Confidence-building moment for Red Wings' Sheahan
During his freshman season at Notre Dame, in 2009-10, current Red Wings center Riley Sheahan was a hot prospect who had turned downed the Erie Otters of the Ontario Hockey League to play for the Fighting Irish.
Notre Dame hockey had become a national power in a relatively short period of time under head coach Jeff Jackson, a Detroit native who took over the program in 2005.
For years, I was the host and rink-side reporter for Comcast's coverage of the now-defunct Central Collegiate Hockey Association. I had traveled to South Bend, Ind., many times to telecast Notre Dame games and was well aware that hockey had become relevant there with Jackson at the helm.

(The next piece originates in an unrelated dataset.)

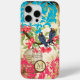 Monogram Birdcage Bird Pink Coral Aqua Damask Telefongehäuse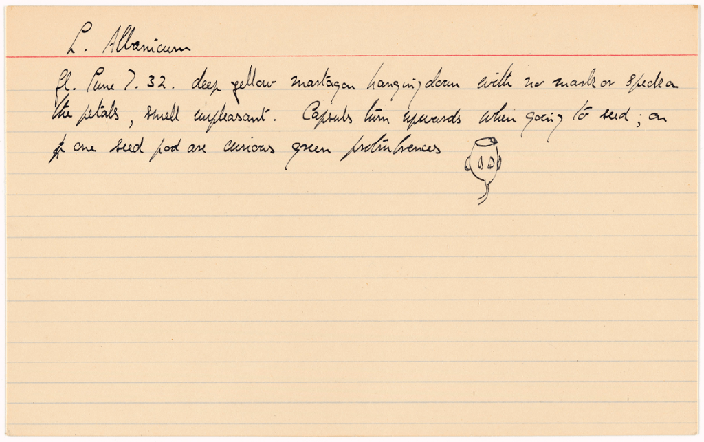 The archive includes important evidence of the Sterns’ work, their research, plant collecting, and their connections with botanists, plant hunters, scientists and the Royal Family. This is partly in the form of Stern’s plant index cards – detailed notes of different plant species, often with information about where they were found, the name of the plant hunter who found them, when Stern had planted seeds or cuttings, and the results. Some even include his sketches. There is also a series of glass plate negatives and photographs of many of the plants at Highdown, as well as people the Sterns had known and who had visited the house and gardens from 1918 to 1967.

But the 2009-10 season was a struggle for the Irish. After winning a total of 90 games the previous three seasons, injuries took their toll on Notre Dame, especially on its defensive corps.
The Irish were a young team, counting on underclassmen such as Sheahan to continue the team's recent success.
Although that didn't happen -- Notre Dame finished 13-17-8 -- something occurred during a weekend series against Michigan that made me a Sheahan fan.
Like football, the rivalry between Michigan and Notre Dame on the ice is intense, exciting and extremely competitive. Each game between them is a statement game.
In 2009, the Wolverines were an established national powerhouse. The Irish, despite their recent success, were still considered up-and-comers.
Unfortunately for the Irish, they were missing their three best defensemen because of injuries in December 2009, and Coach Jackson needed to do something with a home-and-home series looming against the Wolverines.
Jackson adopted the European system called the Torpedo, which is a five-man unit made up of four forwards and one defenseman. One of the forwards Jackson chose to put back on the blue-line corps was the 17-year-old Sheahan -- the only freshman asked to play defense.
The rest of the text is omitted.